How do you identify the type of conic #4x^2+8y^2-8x-24=4# is, if any and if the equation does represent a conic, state its vertex or center?

1 Answer
Jul 16, 2016

Answer:

An ellipse

Explanation:

Conics can be represented as

#p cdot M cdot p+<< p, {a,b}>>+c=0#

where #p = {x,y}# and

#M = ((m_{11},m_{12}),(m_{21}, m_{22}))#.
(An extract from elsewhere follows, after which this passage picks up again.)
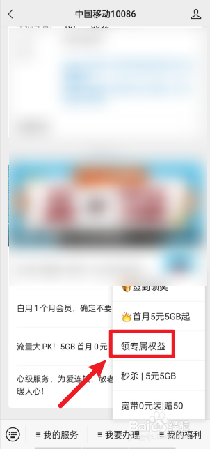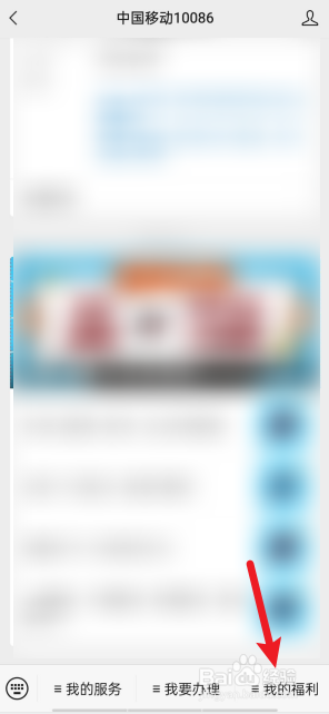 首先打开微信,找到中国移动10086公众号,点击我的福利。。

For conics #m_{12} = m_{21}# then #M# eigenvalues are always real because the matrix is symetric.

The characteristic polynomial is

#p(lambda)=lambda^2-(m_{11}+m_{22})lambda+det(M)#

Depending on their roots, the conic can be classified as

1) Equal --- circle
2) Same sign and different absolute values --- ellipse
3) Signs different --- hyperbola
4) One null root --- parabola

In the present case we have

#M = ((4,0),(0,8))#

with characteristic polynomial

#lambda^2-12lambda+32=0#

with roots #{4,8}# so we have an ellipse.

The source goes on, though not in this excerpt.